*** Block opens ***

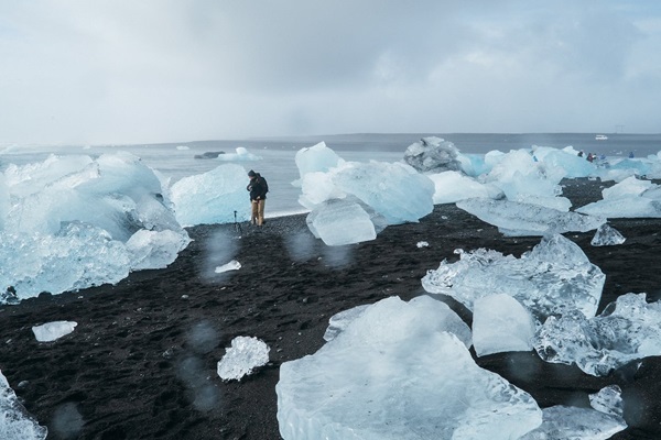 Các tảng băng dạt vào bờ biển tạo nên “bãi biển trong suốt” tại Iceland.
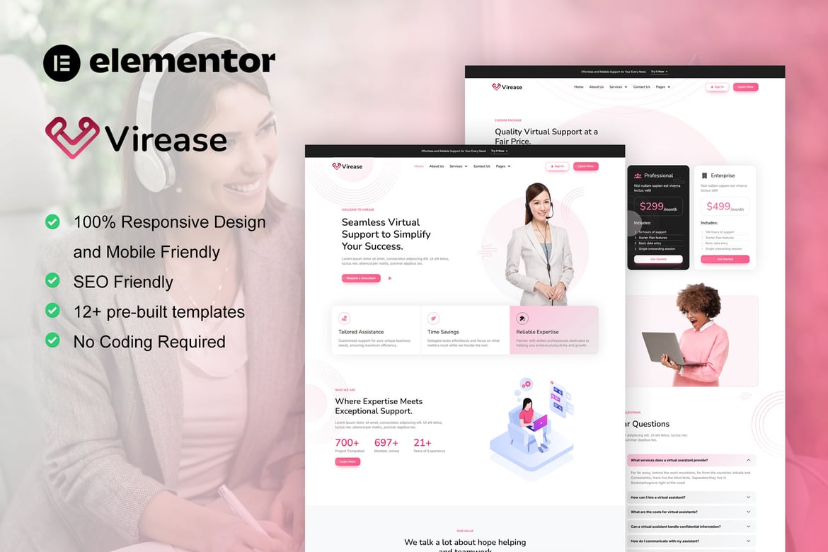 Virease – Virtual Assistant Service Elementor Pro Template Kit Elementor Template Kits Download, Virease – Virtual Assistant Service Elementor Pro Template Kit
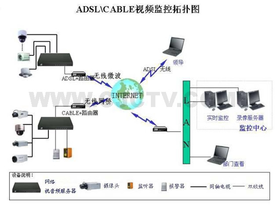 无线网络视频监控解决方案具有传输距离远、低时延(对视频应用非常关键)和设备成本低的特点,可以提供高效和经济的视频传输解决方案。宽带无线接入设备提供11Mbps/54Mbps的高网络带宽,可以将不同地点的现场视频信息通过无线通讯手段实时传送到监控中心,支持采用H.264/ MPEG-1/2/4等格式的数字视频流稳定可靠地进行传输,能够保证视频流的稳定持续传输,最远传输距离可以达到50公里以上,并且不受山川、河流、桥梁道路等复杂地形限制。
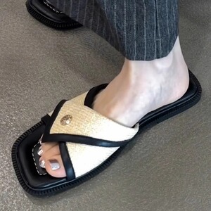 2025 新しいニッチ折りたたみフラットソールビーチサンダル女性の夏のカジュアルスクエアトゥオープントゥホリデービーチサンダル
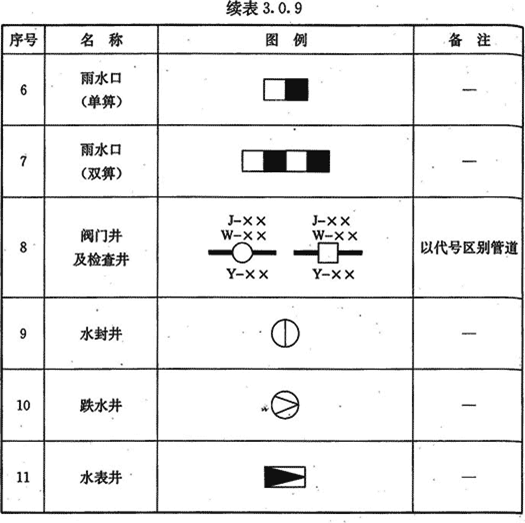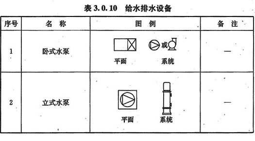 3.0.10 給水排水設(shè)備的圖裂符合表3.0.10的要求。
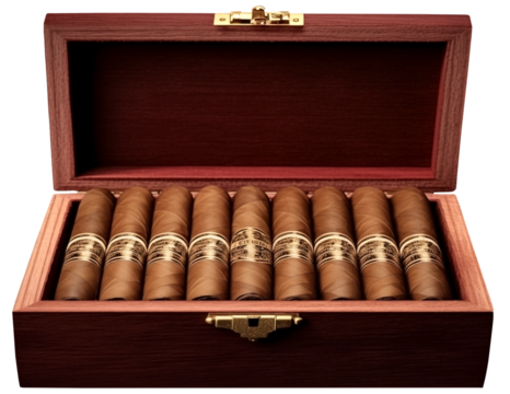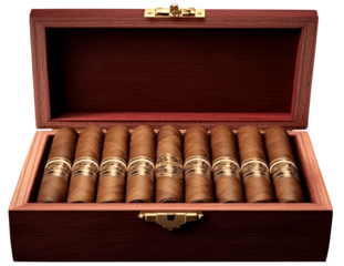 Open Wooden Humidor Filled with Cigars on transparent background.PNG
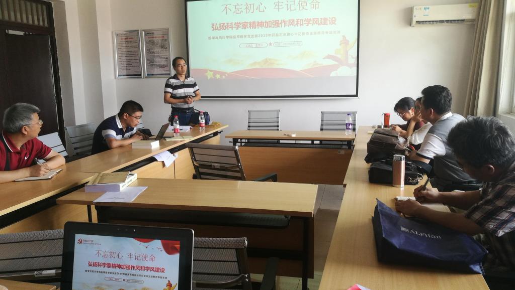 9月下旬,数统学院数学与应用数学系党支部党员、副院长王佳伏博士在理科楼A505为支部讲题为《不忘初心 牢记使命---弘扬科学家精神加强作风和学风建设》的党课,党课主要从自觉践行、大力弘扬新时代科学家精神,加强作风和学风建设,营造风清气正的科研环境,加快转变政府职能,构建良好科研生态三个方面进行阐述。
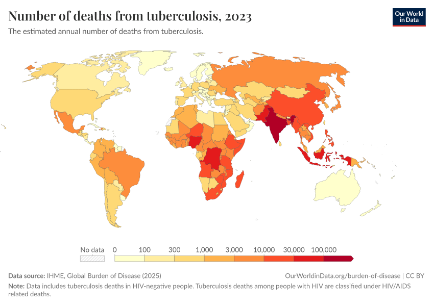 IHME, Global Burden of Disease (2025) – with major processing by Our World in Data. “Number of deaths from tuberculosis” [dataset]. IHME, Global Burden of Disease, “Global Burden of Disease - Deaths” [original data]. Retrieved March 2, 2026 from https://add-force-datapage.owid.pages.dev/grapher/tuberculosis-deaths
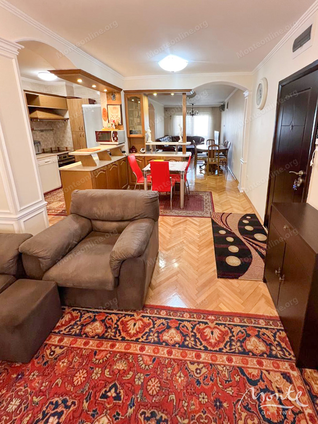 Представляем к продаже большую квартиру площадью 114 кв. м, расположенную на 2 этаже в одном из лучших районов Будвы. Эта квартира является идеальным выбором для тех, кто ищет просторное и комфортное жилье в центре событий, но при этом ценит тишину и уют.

*** Block closes ***

### WHAT YOU WILL DO
No pictures belong in the copy: reproduce exactly the lines above from the one that contains "Open Wooden Humidor" through the last line of the entries.

### WRITTEN ANSWER
 Open Wooden Humidor Filled with Cigars on transparent background.PNG
 9月下旬,数统学院数学与应用数学系党支部党员、副院长王佳伏博士在理科楼A505为支部讲题为《不忘初心 牢记使命---弘扬科学家精神加强作风和学风建设》的党课,党课主要从自觉践行、大力弘扬新时代科学家精神,加强作风和学风建设,营造风清气正的科研环境,加快转变政府职能,构建良好科研生态三个方面进行阐述。
 IHME, Global Burden of Disease (2025) – with major processing by Our World in Data. “Number of deaths from tuberculosis” [dataset]. IHME, Global Burden of Disease, “Global Burden of Disease - Deaths” [original data]. Retrieved March 2, 2026 from https://add-force-datapage.owid.pages.dev/grapher/tuberculosis-deaths
 Представляем к продаже большую квартиру площадью 114 кв. м, расположенную на 2 этаже в одном из лучших районов Будвы. Эта квартира является идеальным выбором для тех, кто ищет просторное и комфортное жилье в центре событий, но при этом ценит тишину и уют.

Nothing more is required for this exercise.